What this task involves -
All of the listing below must be repeated word for word. Pictures are the only thing to omit.

====== Supplied data

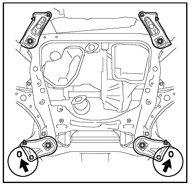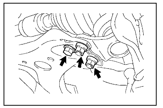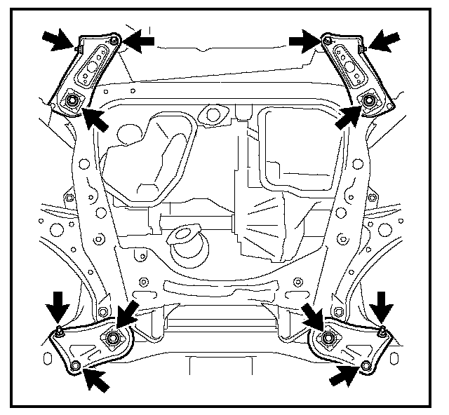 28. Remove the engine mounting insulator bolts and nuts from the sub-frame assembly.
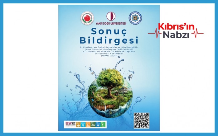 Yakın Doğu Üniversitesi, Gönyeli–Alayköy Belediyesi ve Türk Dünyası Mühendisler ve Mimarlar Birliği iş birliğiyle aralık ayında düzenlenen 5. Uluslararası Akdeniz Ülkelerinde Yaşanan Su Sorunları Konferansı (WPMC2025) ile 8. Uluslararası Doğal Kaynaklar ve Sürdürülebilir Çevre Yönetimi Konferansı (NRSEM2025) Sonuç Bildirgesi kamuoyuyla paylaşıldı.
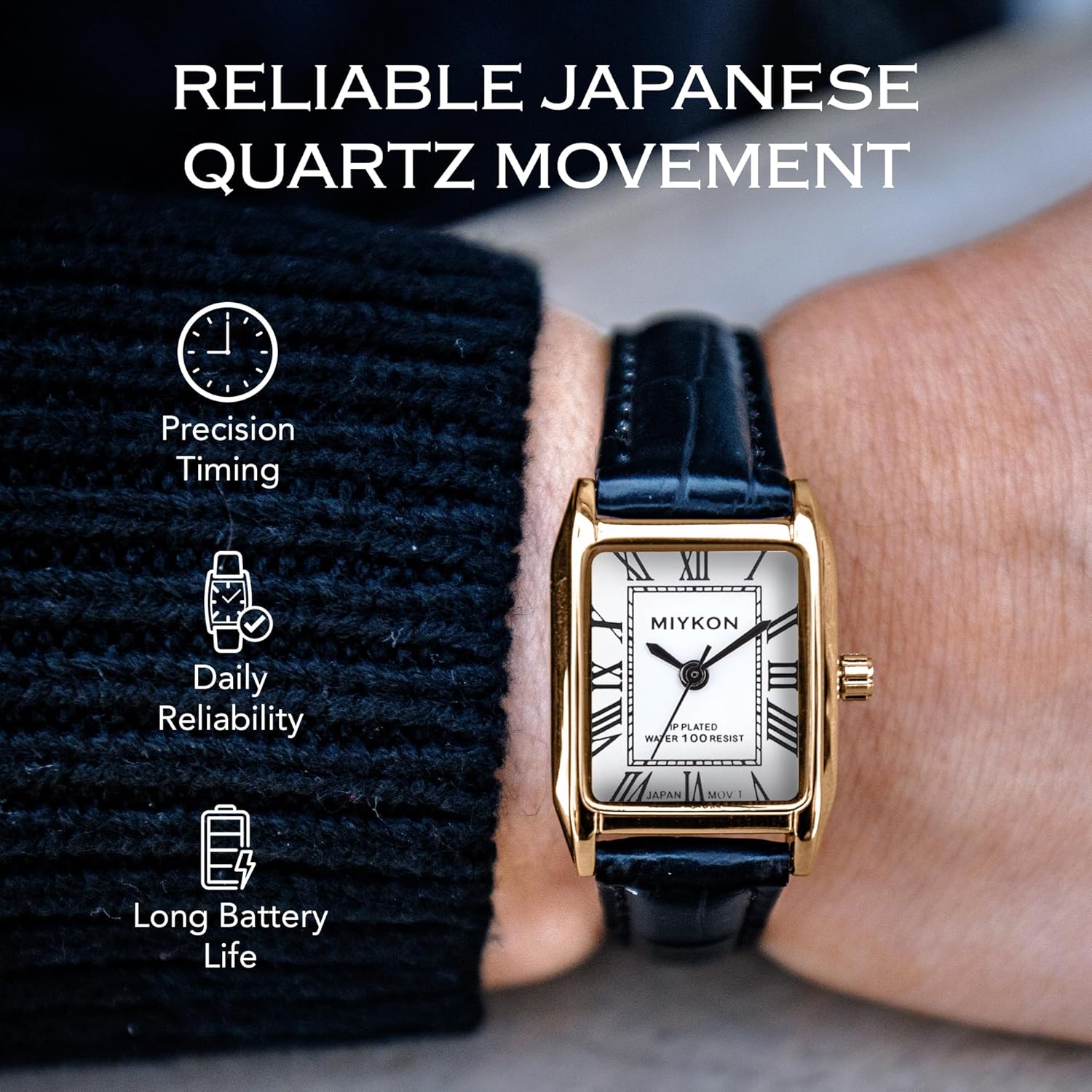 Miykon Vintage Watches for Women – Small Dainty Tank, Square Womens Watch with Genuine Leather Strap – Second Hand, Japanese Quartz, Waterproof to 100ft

============

Completed task -
 28. Remove the engine mounting insulator bolts and nuts from the sub-frame assembly.
 Yakın Doğu Üniversitesi, Gönyeli–Alayköy Belediyesi ve Türk Dünyası Mühendisler ve Mimarlar Birliği iş birliğiyle aralık ayında düzenlenen 5. Uluslararası Akdeniz Ülkelerinde Yaşanan Su Sorunları Konferansı (WPMC2025) ile 8. Uluslararası Doğal Kaynaklar ve Sürdürülebilir Çevre Yönetimi Konferansı (NRSEM2025) Sonuç Bildirgesi kamuoyuyla paylaşıldı.
 Miykon Vintage Watches for Women – Small Dainty Tank, Square Womens Watch with Genuine Leather Strap – Second Hand, Japanese Quartz, Waterproof to 100ft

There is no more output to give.